### YOUR ASSIGNMENT
Omit every picture, then return the listing verbatim.

### GIVEN MATERIAL
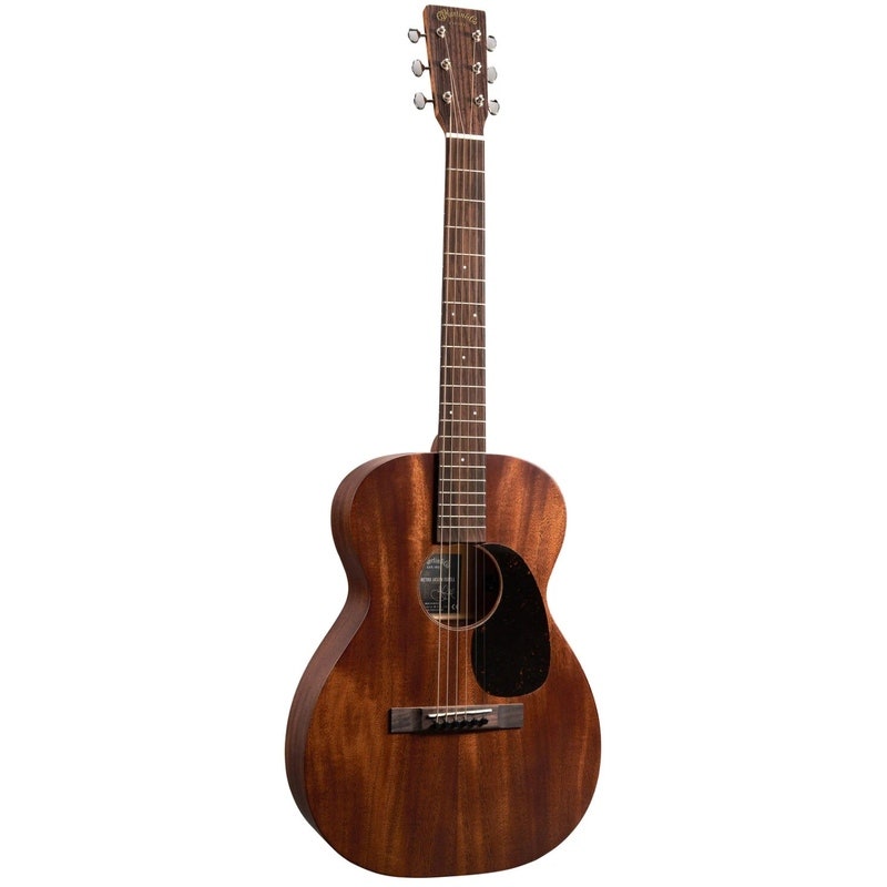 Artikkelnummer 1096788Akustisk gitar, hel mahognitopp, mahogni sider og bunn, mahognihals, rosewood gripebrett, Martin E1‑elektronikk, åpne nikkel‑stemmeskruer.
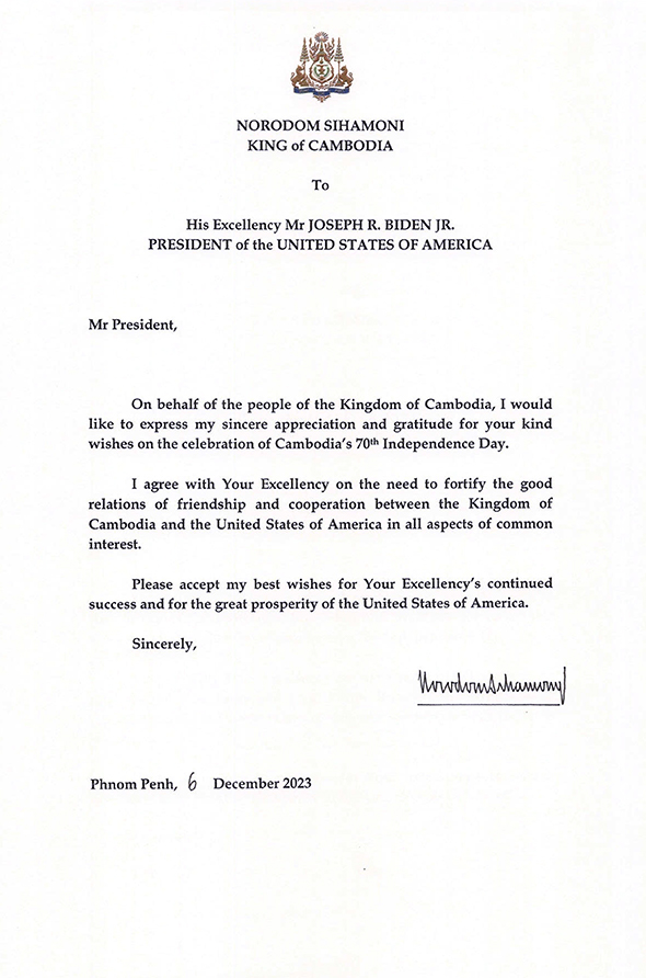 Letter to His Majesty KING MAHA VAJIRALONGKORN, PHRA VAJIRAKLAOCHAOYUHUA of THAILAND.
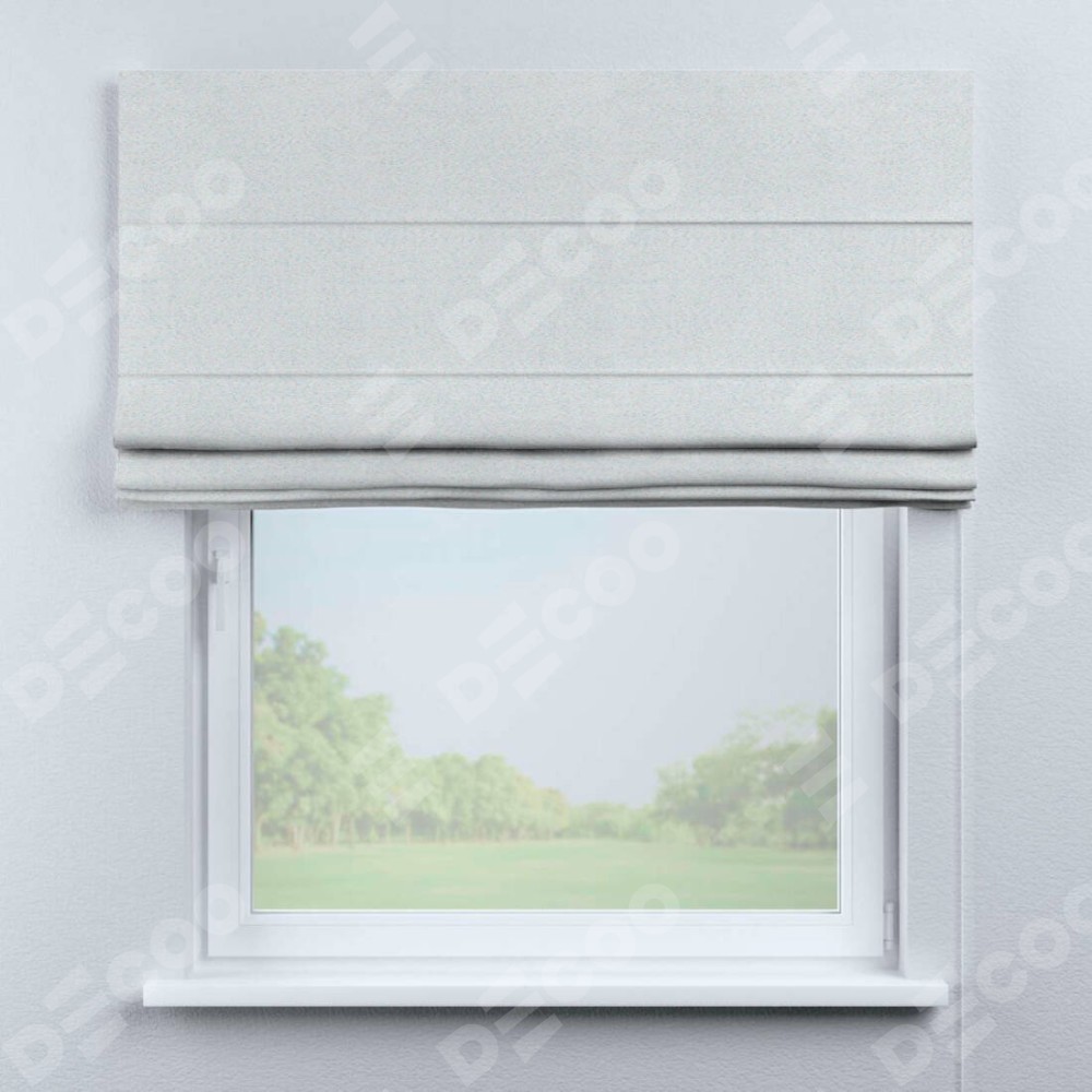 Римская штора производителя «Cortin», используется для проёма, пошита из ткани блэкаут однотонный дымчато-белый, артикул ткани 101. Имеет универсальный механизм и подходит для монтажа: на потолок, на стену и в нишу.
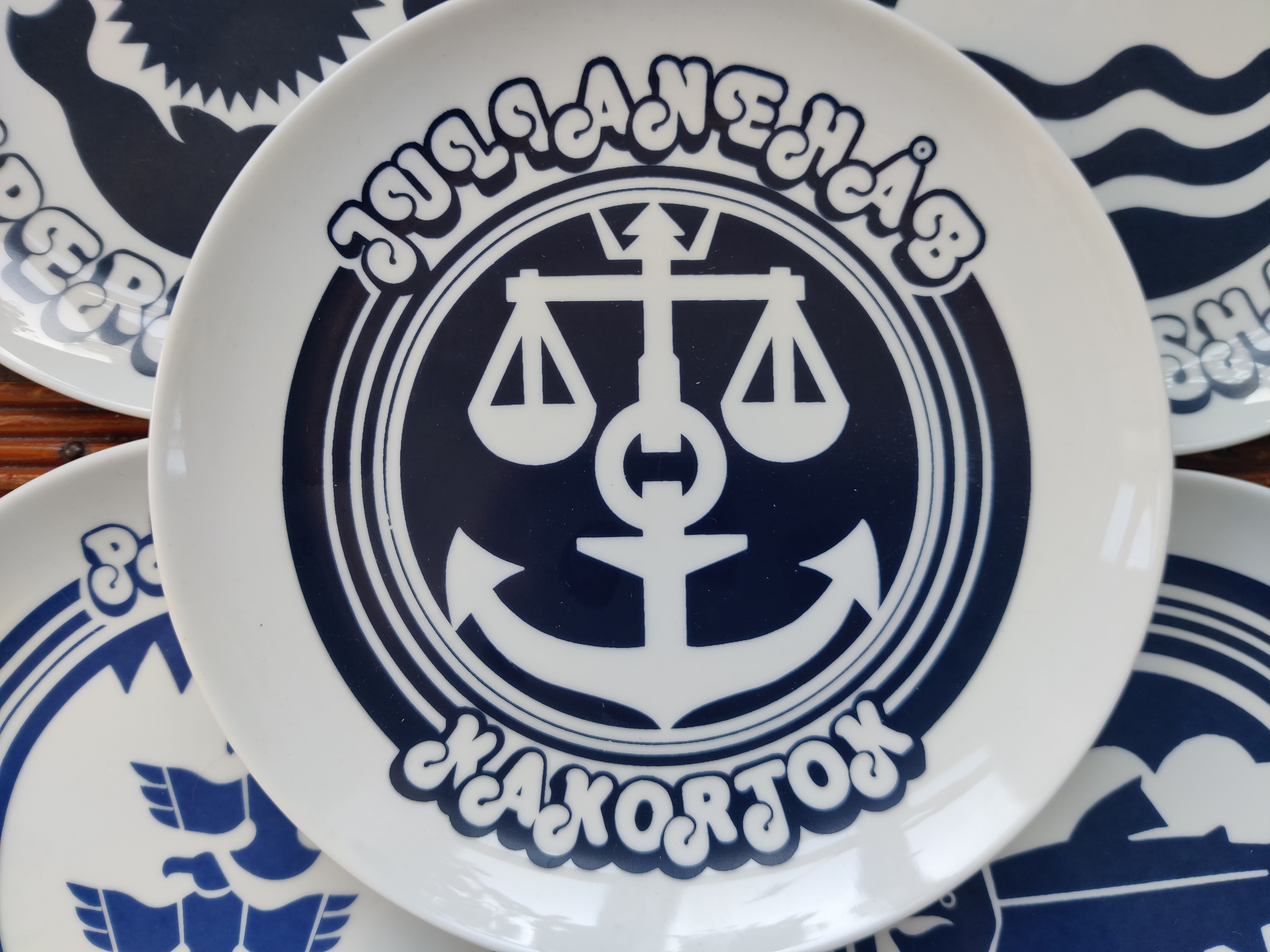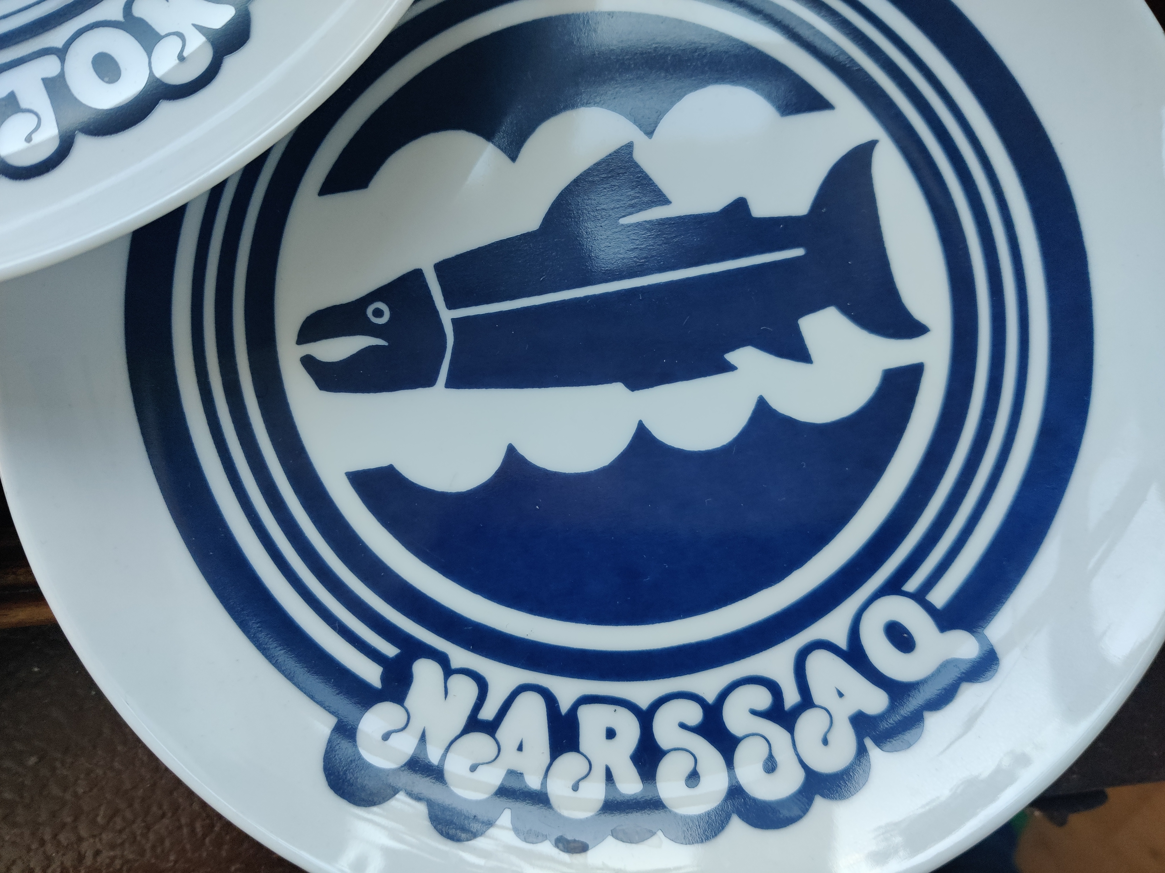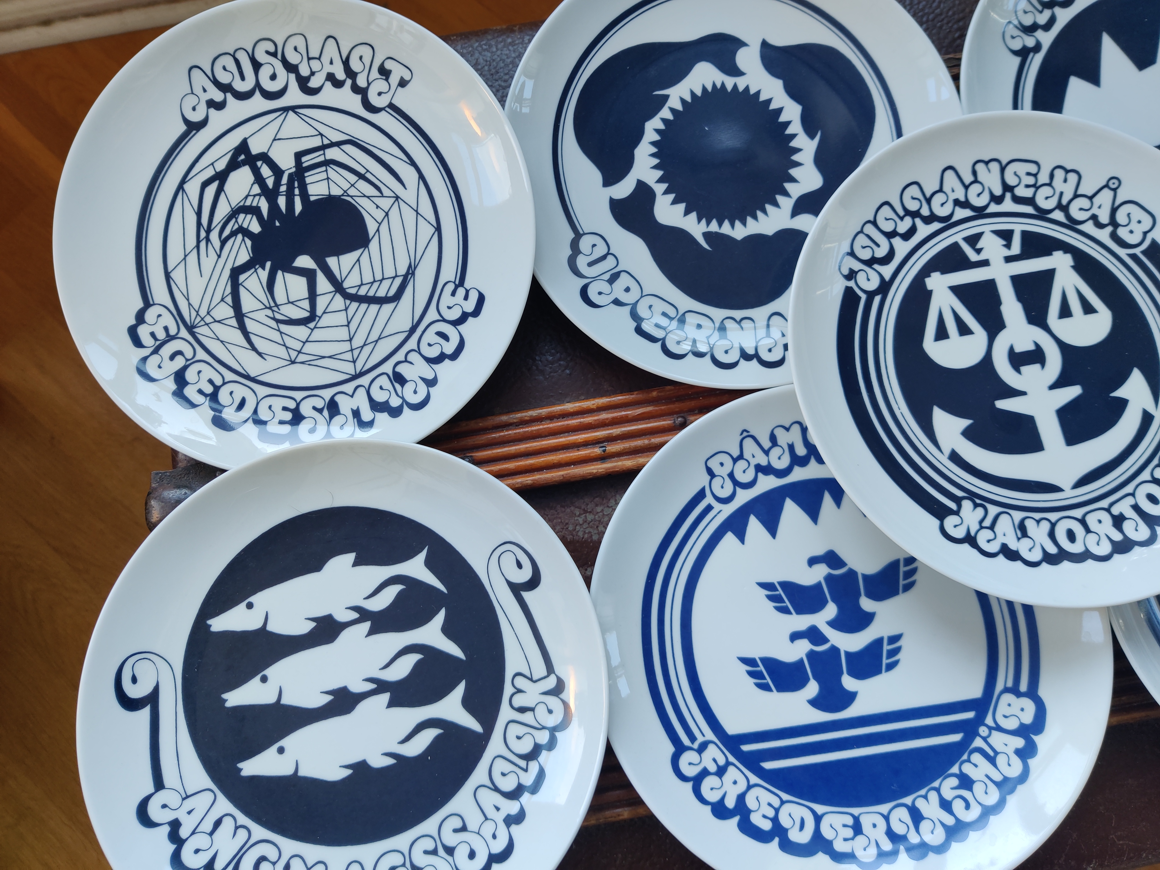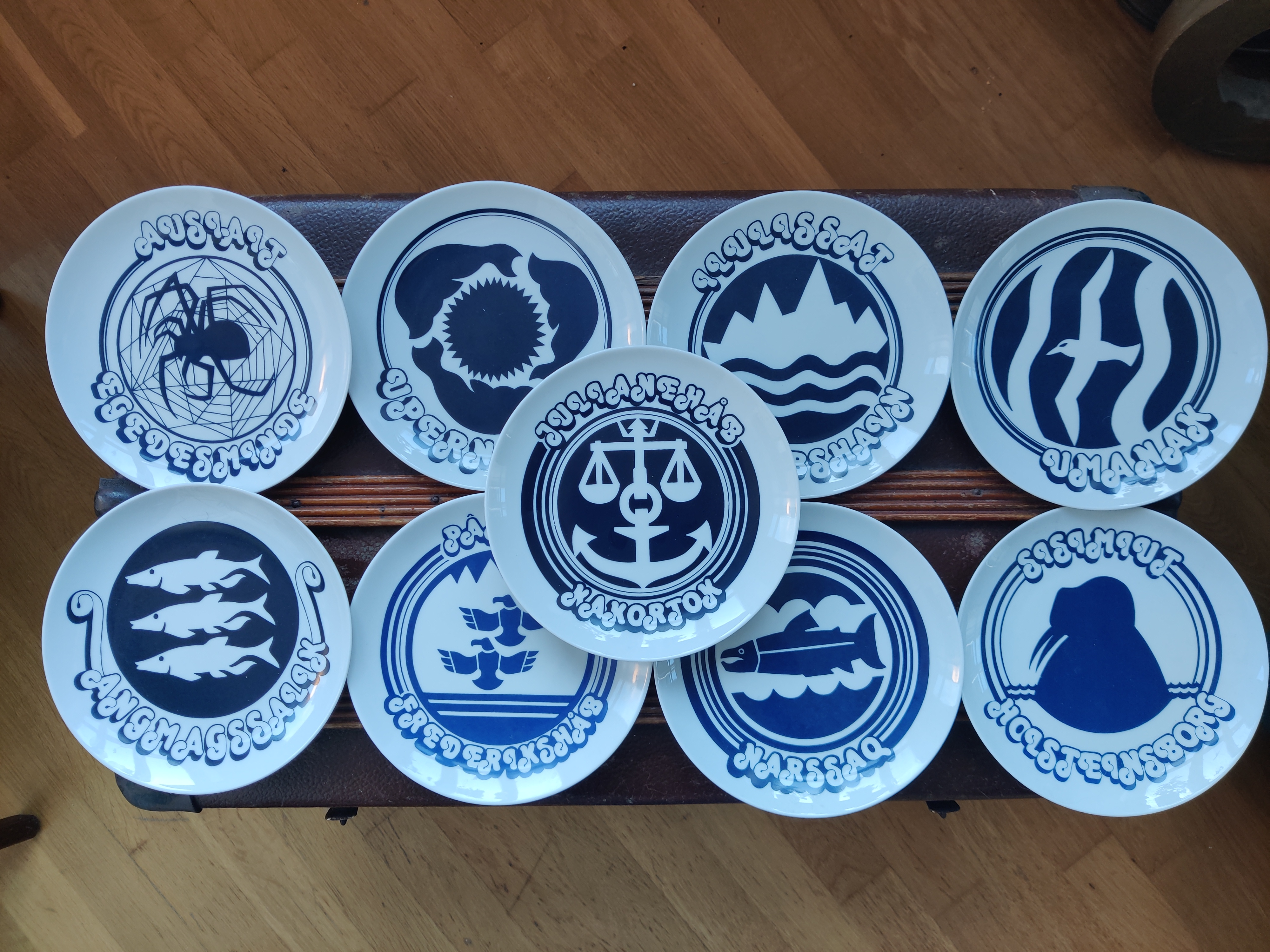 Sjældne tallerkener eller platter med grønlandske byer. Motiverne er et væld af smukke havdyr og den mest firser-fantastiske font. De er fra Polar Magasinet, som vist eksisterer endnu, en butik med udstyr og sager - og altså også et lækkert stel, dengang i 1980'erne. 9 stk sælges samlet. Ø19 cm.

### YOUR RESPONSE
 Artikkelnummer 1096788Akustisk gitar, hel mahognitopp, mahogni sider og bunn, mahognihals, rosewood gripebrett, Martin E1‑elektronikk, åpne nikkel‑stemmeskruer.
 Letter to His Majesty KING MAHA VAJIRALONGKORN, PHRA VAJIRAKLAOCHAOYUHUA of THAILAND.
 Римская штора производителя «Cortin», используется для проёма, пошита из ткани блэкаут однотонный дымчато-белый, артикул ткани 101. Имеет универсальный механизм и подходит для монтажа: на потолок, на стену и в нишу.
 Sjældne tallerkener eller platter med grønlandske byer. Motiverne er et væld af smukke havdyr og den mest firser-fantastiske font. De er fra Polar Magasinet, som vist eksisterer endnu, en butik med udstyr og sager - og altså også et lækkert stel, dengang i 1980'erne. 9 stk sælges samlet. Ø19 cm.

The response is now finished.